**Work instruction**
A word-for-word copy of the entries, with the images left out, is what you should write.
# # #
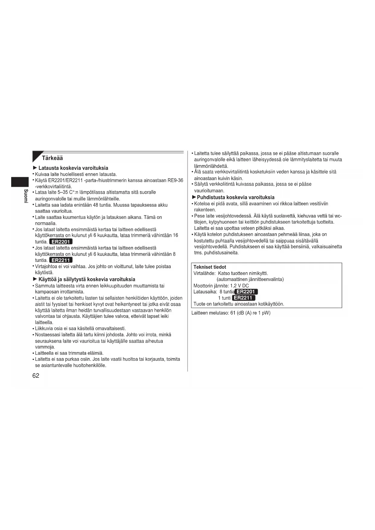 Laitetta tulee säilyttää paikassa, jossa se ei pääse altistumaan suoralle auringonvalolle eikä laitteen läheisyydessä ole lämmityslaitetta tai muuta lämmönlähdettä. Älä saata verkkovirtaliitintä kosketuksiin veden kanssa ja käsittele sitä ainoastaan kuivin käsin. Säilytä verkkoliitintä kuivassa paikassa, jossa se ei pääse vaurioitumaan. Puhdistusta koskevia varoituksia Koteloa ei pidä avata, sillä avaaminen voi rikkoa laitteen vesitiiviin rakenteen. Pese laite vesijohtovedessä. Älä käytä suolavettä, kiehuvaa vettä tai wc‑ tilojen, kylpyhuoneen tai keittiön puhdistukseen tarkoitettuja tuotteita. Laitetta ei saa upottaa veteen pitkäksi aikaa. Käytä kotelon puhdistukseen ainoastaan pehmeää liinaa, joka on kostutettu puhtaalla vesijohtovedellä tai saippuaa sisältävällä vesijohtovedellä. Puhdistukseen ei saa käyttää bensiiniä, valkaisuainetta tms. puhdistusaineita. Tekniset tiedot Virtalähde: Katso tuotteen nimikyltti. (automaattinen jännitteenvalinta) Moottorin jännite: 1,2 V DC Latausaika: 8 tuntia ER2201 1 tunti ER2211 Tuote on tarkoitettu ainoastaan kotikäyttöön. Laitteen melutaso: 61 (dB (A) re 1 pW)
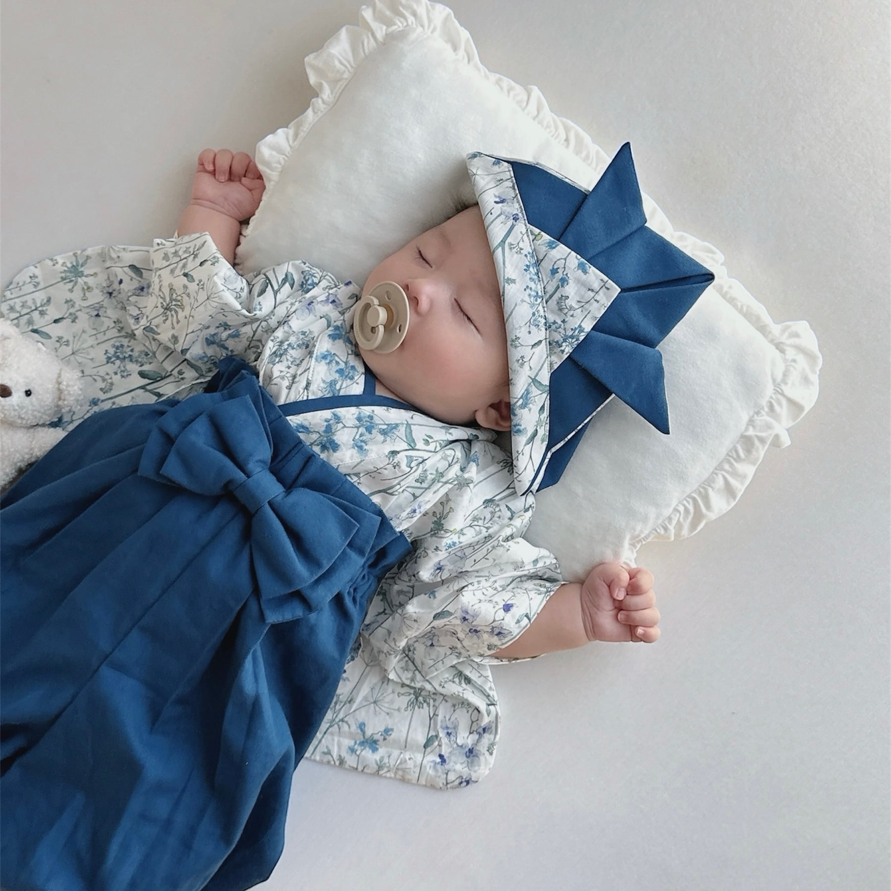 1年を通して着用するタイミングも多いので、お食い初めで着用したものを初節句やお正月で着用することで、大きくなったことの喜び・成長したことでまた違った見え方をする袴姿をお楽しみいだけます。
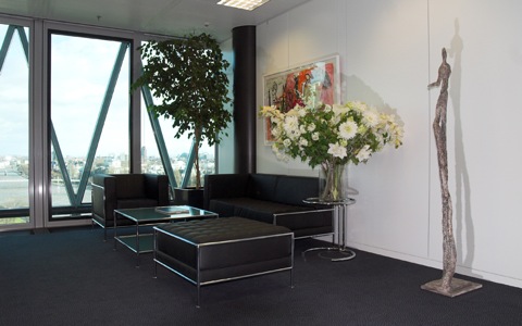 Landmark Frankfurt serviced offices and flexible fully furnished office space to let on Westhafenplatz, Frankfurt, 60327. This Frankfurt business center is located on the 10th and the 11th floor of the Westhafen Tower, a cylindrical office tower completely made of glass, which has already become the trademark of Frankfurt’s skyline, offering ready to go serviced offices, temporary office space for rent, virtual offices, mailing addresses and office space for lease on flexible terms.The Westhafen Tower Business Center is the first design business center in Frankfurt. Open, transparent and filled with light, the Westhafen Tower stands for a new understanding of work and communication. Enjoy the view of the Main River and the Frankfurter skyline. The high-quality and attractively designed entrance hall is your business card, and the first contact between you and your customers. It provides you with an excellent reference that makes every visitor feel that they are welcome. The neighbouring restaurant/bistro gives you the opportunity to relax over a cappucino or enjoy a snack between conferences.The Business Center is only five minutes walking distance from Frankfurt’s main train station. International hotels like Hotel Inter-Continental and Le Méridien Park Hotel are only a few minutes away, as well as the shopping mile and bank district. Please note our other locations in Frankfurt, in Westend at the Bockenheimerlandstraße and in the OpernTurm.
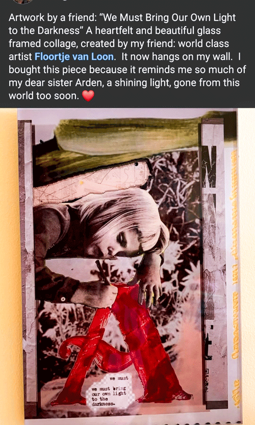 I will be reminded of my dear sister every time I look at it. You are a world class artist.
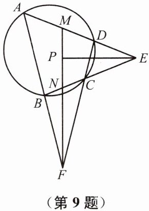 9. 已知:如图,圆内接四边形ABCD的两组对边的延长线分别交于点E、F,∠AEB、∠AFD的平分线交于点P.求证:PE⊥PF.
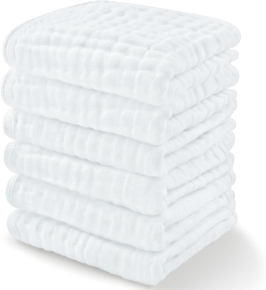 مناشف كبيرة فاخرة من قطن الموسلين مقاس 10 × 10 بوصات - مناشف الوجه المريحة مصنوعة بحجم كبير 10 × 10 بوصات وتأتي في عبوة مريحة مكونة من 6 قطع.
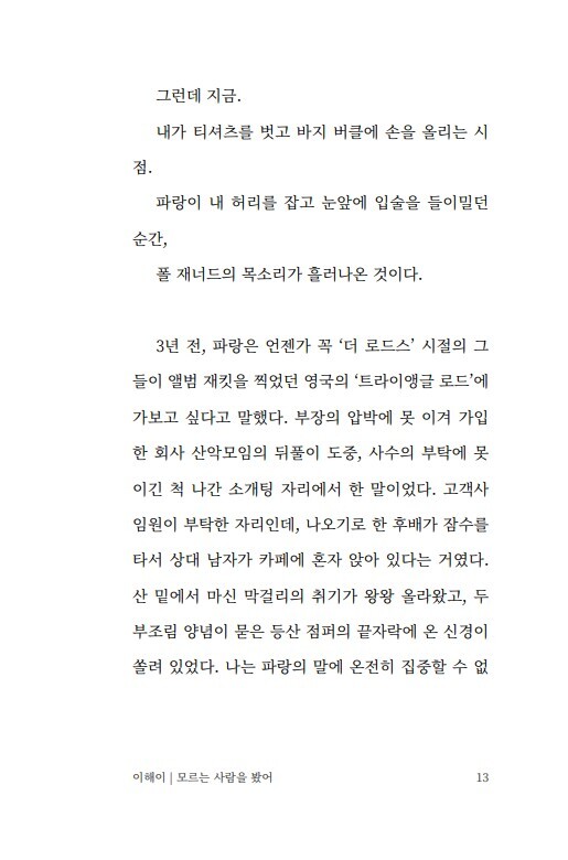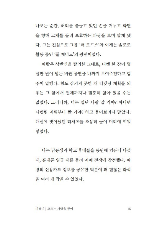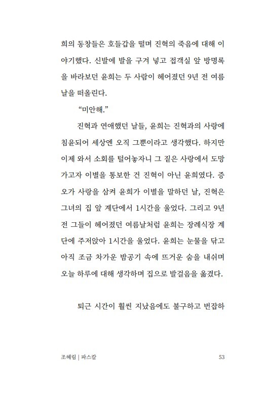 집 앞 꼬치구이 가게에서 부장 욕을 하며 맥주를 마셨다. 이야기의 결론은 늘 같았다. 다시 글을 쓰고 싶다는 것이었다. 내가 작가가 되면 부장 욕부터 쓸 거야. 사내 정치 이야기를 써야지. 편입도 하고 싶어. 그렇지만 확신도 없는데 일을 그만두고 진학해 글을 쓰는 건 정말 미친 짓 같아. 내후년이면 나도 서른인데. 모두가 어딘가에 제 자리를 찾아 머무르기 시작하는데, 나만 뭔가를 향해 걷는다는 건미친 짓이잖아. 확신도 없는 일에 뛰어들었다가, 등단을 못하고, 결국은 변변찮은 직업도 없이, 평생 길을 잃고 방황하는 삶을 살면 어떡하지. 나는 사대보험이 없는 삶이 정말 두려워. 사대보험이랑 거리가먼 내 꿈이 너무 좋아서 지겹고 싫어. 내가 말하자 늘 묵묵히 듣기만 하던 파랑이 그날따라 이렇게 말했다.
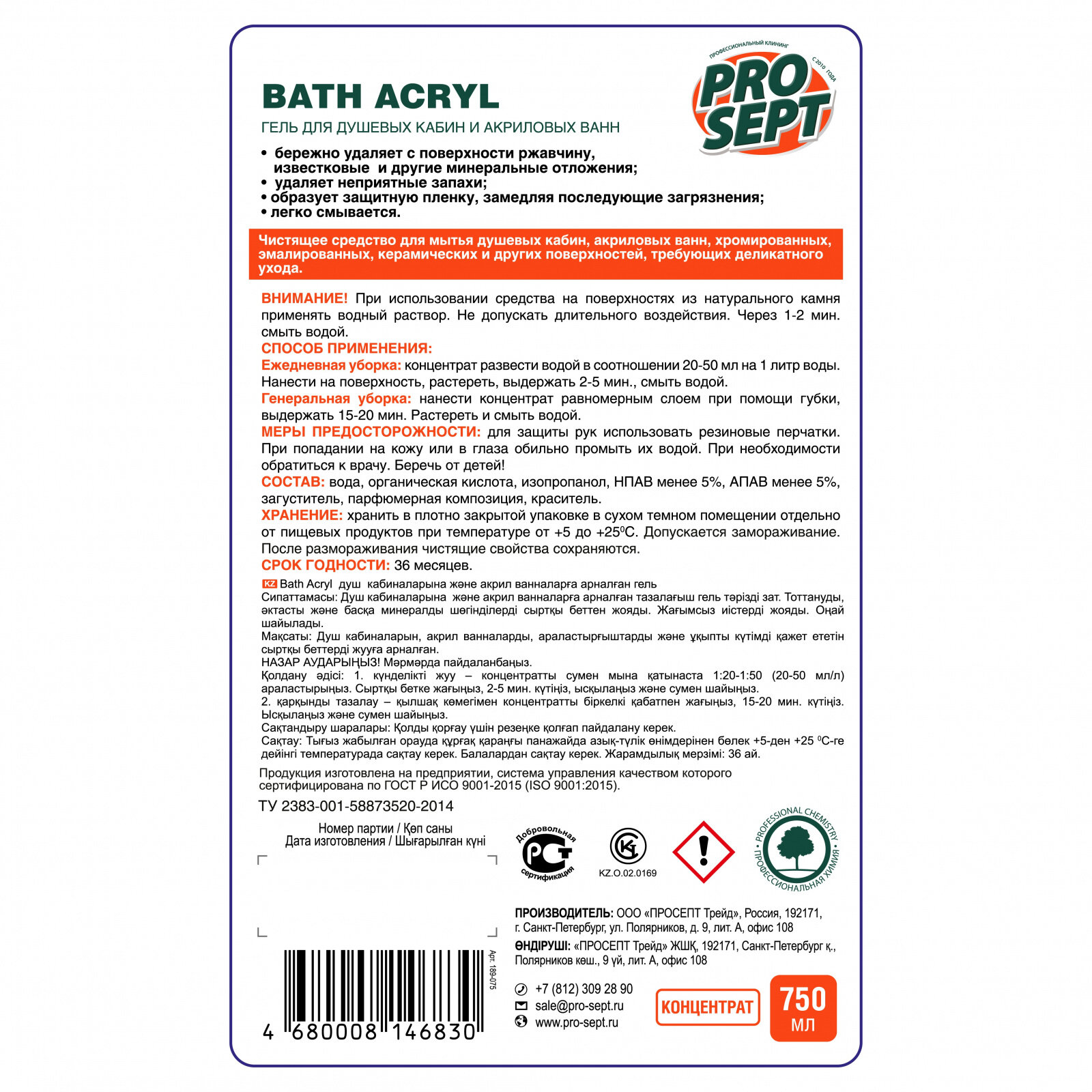 PROSEPT гель для чистки акриловых ванн и душевых кабин Bath Acryl, 0.75 л
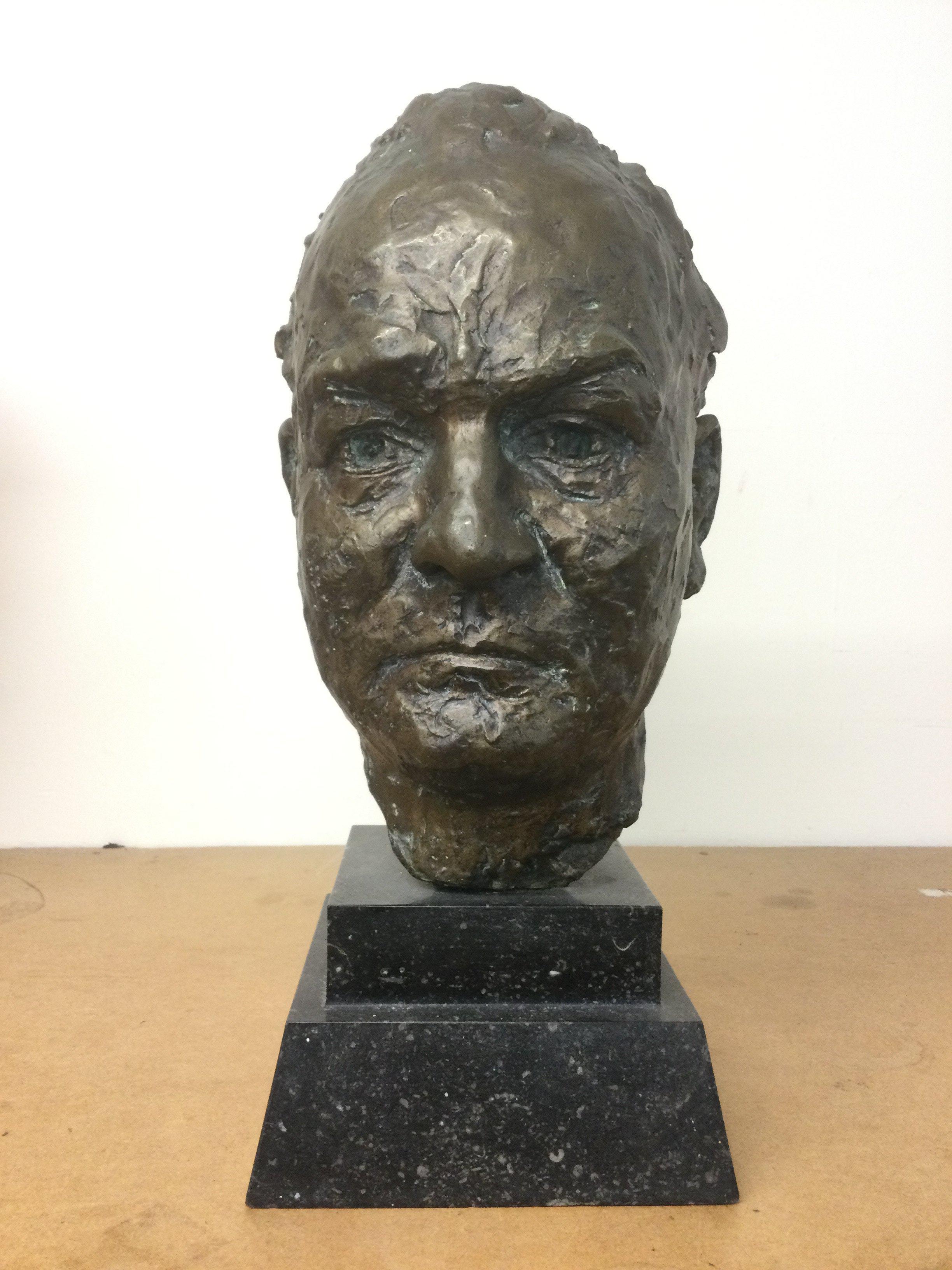 A bronze bust of Sir Winston Churchill raised on a marbled plinth, approx height 42cm. Shipping category D.
# # #
**Your solution**
 Laitetta tulee säilyttää paikassa, jossa se ei pääse altistumaan suoralle auringonvalolle eikä laitteen läheisyydessä ole lämmityslaitetta tai muuta lämmönlähdettä. Älä saata verkkovirtaliitintä kosketuksiin veden kanssa ja käsittele sitä ainoastaan kuivin käsin. Säilytä verkkoliitintä kuivassa paikassa, jossa se ei pääse vaurioitumaan. Puhdistusta koskevia varoituksia Koteloa ei pidä avata, sillä avaaminen voi rikkoa laitteen vesitiiviin rakenteen. Pese laite vesijohtovedessä. Älä käytä suolavettä, kiehuvaa vettä tai wc‑ tilojen, kylpyhuoneen tai keittiön puhdistukseen tarkoitettuja tuotteita. Laitetta ei saa upottaa veteen pitkäksi aikaa. Käytä kotelon puhdistukseen ainoastaan pehmeää liinaa, joka on kostutettu puhtaalla vesijohtovedellä tai saippuaa sisältävällä vesijohtovedellä. Puhdistukseen ei saa käyttää bensiiniä, valkaisuainetta tms. puhdistusaineita. Tekniset tiedot Virtalähde: Katso tuotteen nimikyltti. (automaattinen jännitteenvalinta) Moottorin jännite: 1,2 V DC Latausaika: 8 tuntia ER2201 1 tunti ER2211 Tuote on tarkoitettu ainoastaan kotikäyttöön. Laitteen melutaso: 61 (dB (A) re 1 pW)
 1年を通して着用するタイミングも多いので、お食い初めで着用したものを初節句やお正月で着用することで、大きくなったことの喜び・成長したことでまた違った見え方をする袴姿をお楽しみいだけます。
 Landmark Frankfurt serviced offices and flexible fully furnished office space to let on Westhafenplatz, Frankfurt, 60327. This Frankfurt business center is located on the 10th and the 11th floor of the Westhafen Tower, a cylindrical office tower completely made of glass, which has already become the trademark of Frankfurt’s skyline, offering ready to go serviced offices, temporary office space for rent, virtual offices, mailing addresses and office space for lease on flexible terms.The Westhafen Tower Business Center is the first design business center in Frankfurt. Open, transparent and filled with light, the Westhafen Tower stands for a new understanding of work and communication. Enjoy the view of the Main River and the Frankfurter skyline. The high-quality and attractively designed entrance hall is your business card, and the first contact between you and your customers. It provides you with an excellent reference that makes every visitor feel that they are welcome. The neighbouring restaurant/bistro gives you the opportunity to relax over a cappucino or enjoy a snack between conferences.The Business Center is only five minutes walking distance from Frankfurt’s main train station. International hotels like Hotel Inter-Continental and Le Méridien Park Hotel are only a few minutes away, as well as the shopping mile and bank district. Please note our other locations in Frankfurt, in Westend at the Bockenheimerlandstraße and in the OpernTurm.
 I will be reminded of my dear sister every time I look at it. You are a world class artist.
 9. 已知:如图,圆内接四边形ABCD的两组对边的延长线分别交于点E、F,∠AEB、∠AFD的平分线交于点P.求证:PE⊥PF.
 مناشف كبيرة فاخرة من قطن الموسلين مقاس 10 × 10 بوصات - مناشف الوجه المريحة مصنوعة بحجم كبير 10 × 10 بوصات وتأتي في عبوة مريحة مكونة من 6 قطع.
 집 앞 꼬치구이 가게에서 부장 욕을 하며 맥주를 마셨다. 이야기의 결론은 늘 같았다. 다시 글을 쓰고 싶다는 것이었다. 내가 작가가 되면 부장 욕부터 쓸 거야. 사내 정치 이야기를 써야지. 편입도 하고 싶어. 그렇지만 확신도 없는데 일을 그만두고 진학해 글을 쓰는 건 정말 미친 짓 같아. 내후년이면 나도 서른인데. 모두가 어딘가에 제 자리를 찾아 머무르기 시작하는데, 나만 뭔가를 향해 걷는다는 건미친 짓이잖아. 확신도 없는 일에 뛰어들었다가, 등단을 못하고, 결국은 변변찮은 직업도 없이, 평생 길을 잃고 방황하는 삶을 살면 어떡하지. 나는 사대보험이 없는 삶이 정말 두려워. 사대보험이랑 거리가먼 내 꿈이 너무 좋아서 지겹고 싫어. 내가 말하자 늘 묵묵히 듣기만 하던 파랑이 그날따라 이렇게 말했다.
 PROSEPT гель для чистки акриловых ванн и душевых кабин Bath Acryl, 0.75 л
 A bronze bust of Sir Winston Churchill raised on a marbled plinth, approx height 42cm. Shipping category D.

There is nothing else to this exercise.